This PLAN OF CONVERSION (this “Plan of Conversion”) sets forth certain terms of the conversion of Hi-Crush Partners LP, a Delaware limited partnership (the “Partnership”), to a Delaware corporation to be named “Hi-Crush Inc.” (the “Corporation”), pursuant to the provisions of the Delaware Revised Uniform Limited Partnership Act (the “Partnership Act”) and the General Corporation Law of the State of Delaware (the “DGCL”).

W I T N E S S E T H

WHEREAS, the Partnership was formed as a limited partnership in accordance with the Partnership Act and is currently governed by the Third Amended and Restated Agreement of Limited Partnership of the Partnership, dated as of October 21, 2018 (the “Partnership Agreement”);

WHEREAS, upon the terms and subject to the conditions of this Plan of Conversion and in accordance with the Partnership Act and the DGCL, the Partnership will be converted to a Delaware corporation pursuant to and in accordance with Section 17-219 of the Partnership Act and Section 265 of the DGCL (the “Conversion”);

WHEREAS, in connection with the Conversion, all of the outstanding common units representing limited partner interests in the Partnership (each, a “Common Unit,” and, collectively, the “Common Units”) will be converted into the right to receive shares of common stock or preferred stock of the Corporation and (ii) all of the outstanding general partner interests in the Partnership (the “GP Interests”) will be cancelled, retired and cease to exist, as provided in this Plan of Conversion; and

WHEREAS, capitalized terms used and not otherwise defined in this Plan of Conversion shall have the meanings given to them in the Partnership Agreement.

NOW, THEREFORE, upon the terms and subject to the conditions of this Plan of Conversion and in accordance with the Partnership Act and the DGCL, upon the filing and effectiveness of the Certificate of Conversion and the Certificate of Incorporation (each as defined below), the Partnership shall be converted to the Corporation.

ARTICLE I

THE CONVERSION

SECTION 1.01    The Conversion.

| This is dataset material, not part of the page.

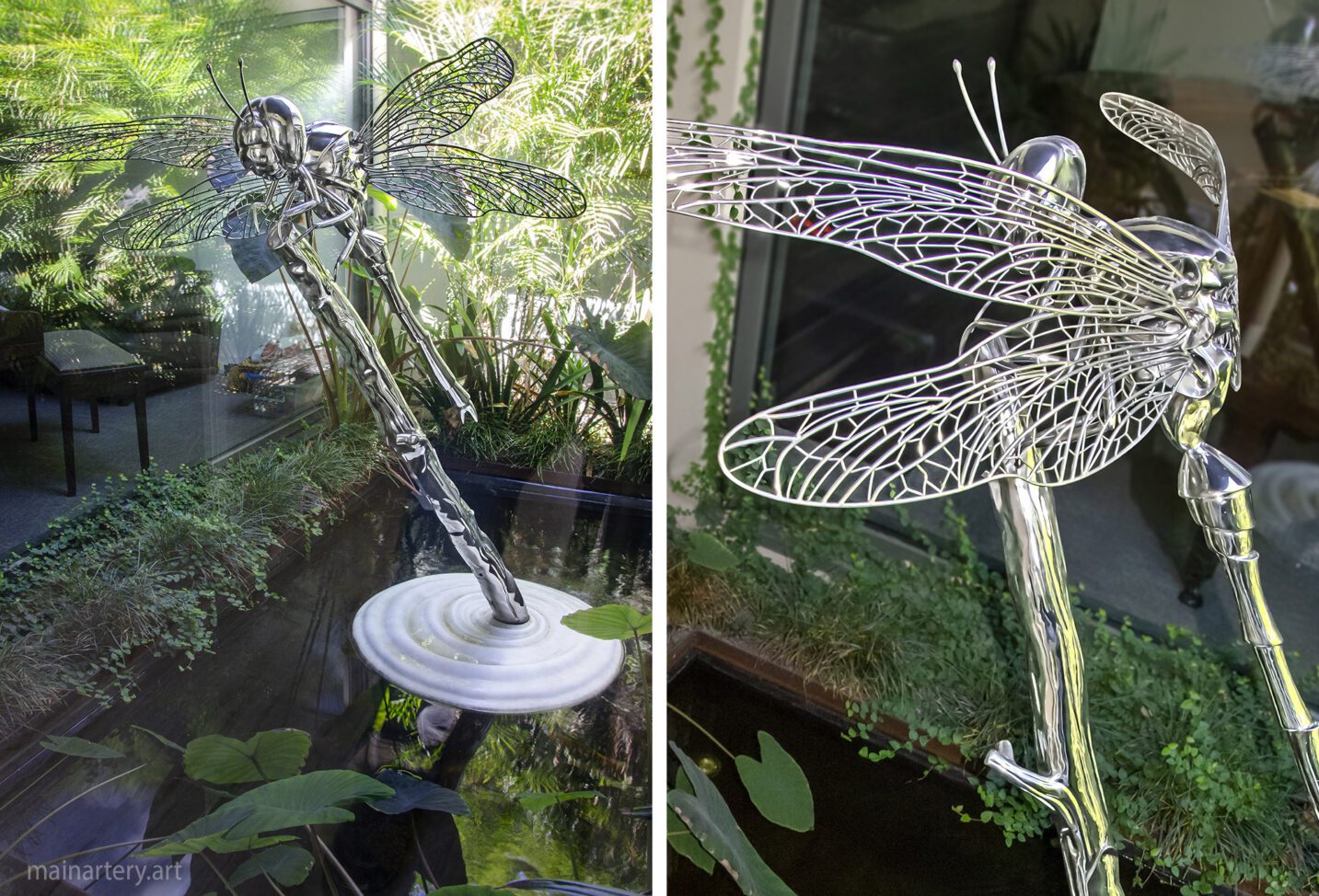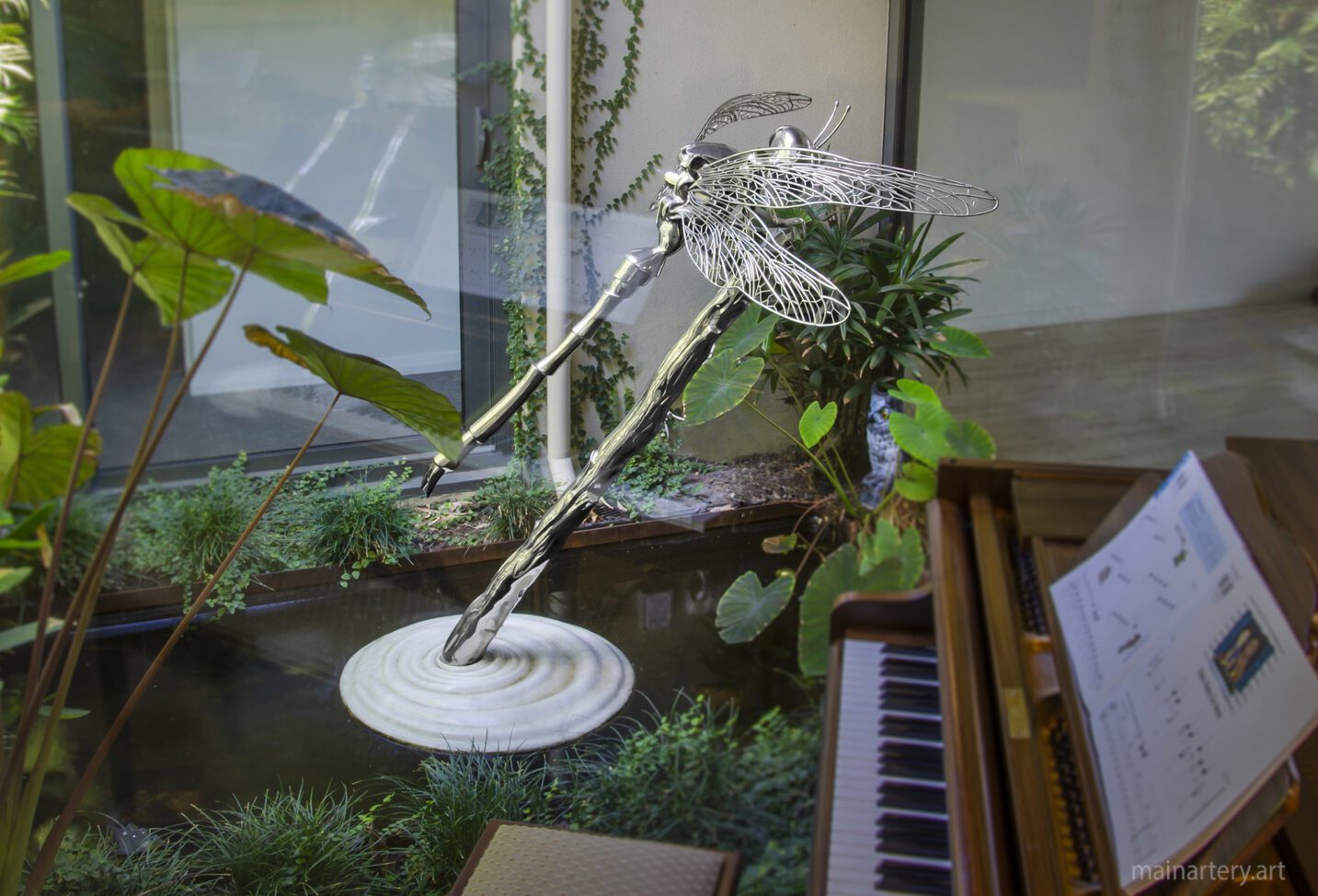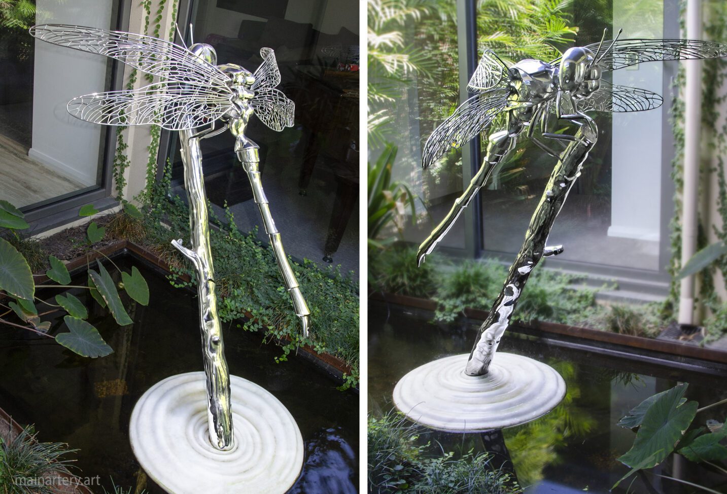 “We recently completed the new built of our dream architectural home. Integral to the design is a key feature & Central Atrium that creates a center point of focus within. For us it was really important to highlight something of significance in this space and after searching long & hard were fortunate enough to find Todd Stuart’s Dragonfly water feature sculpture. To us it adds a statement of masterful artisanship & perfection, but also in its physical meaning & tribute to beauty it brings from outside in nature to be a modern display inside our home. The sense it brings is that of Living around nature all the time, which is natural and feels good to the soul!”

At the Effective Time (as defined below), the Partnership shall be converted to the Corporation and, for all purposes of the laws of the State of Delaware and otherwise, the Conversion shall be deemed a continuation of the existence of the Partnership in the form of a Delaware corporation. The Conversion shall not require the Partnership to wind up its affairs under Section 17-803 of the Partnership Act nor to pay its liabilities and distribute its assets under Section 17-804 of the Partnership Act, and the Conversion shall not constitute a dissolution of the Partnership. At the Effective Time, for all purposes of the laws of the State of Delaware and otherwise, all of the rights, privileges and powers of the Partnership, and all property, real, personal and mixed, and all debts due to the Partnership, as well


as all other things and causes of action belonging to the Partnership, shall remain vested in the Corporation and shall be the property of the Corporation, and the title to any real property vested by deed or otherwise in the Partnership shall not revert or be in any way impaired by reason of any provision of the Partnership Act, the DGCL or otherwise; but all rights of creditors and all liens upon any property of the Partnership shall be preserved unimpaired, and all debts, liabilities and duties of the Partnership shall remain attached to the Corporation, and may be enforced against it to the same extent as if said debts, liabilities and duties had originally been incurred or contracted by it in its capacity as a corporation. The rights, privileges, powers and interests in property of the Partnership, as well as the debts, liabilities and duties of the Partnership, shall not be deemed, as a consequence of the Conversion, to have been transferred to the Corporation for any purpose of the laws of the State of Delaware or otherwise.

SECTION 1.02    Effective Time. On May 31, 2019, Hi-Crush GP LLC, a Delaware limited liability company and the general partner of the Partnership (the “General Partner”), shall file the Certificate of Conversion in the form attached hereto as Exhibit A (the “Certificate of Conversion”) and the Certificate of Incorporation of the Corporation in the form attached hereto as Exhibit B (the “Certificate of Incorporation”) with the Secretary of State of the State of Delaware pursuant to Section 265 of the DGCL. The Conversion shall become effective at 4:01 p.m. (Eastern Time) on May 31, 2019 (such time of effectiveness, the “Effective Time”).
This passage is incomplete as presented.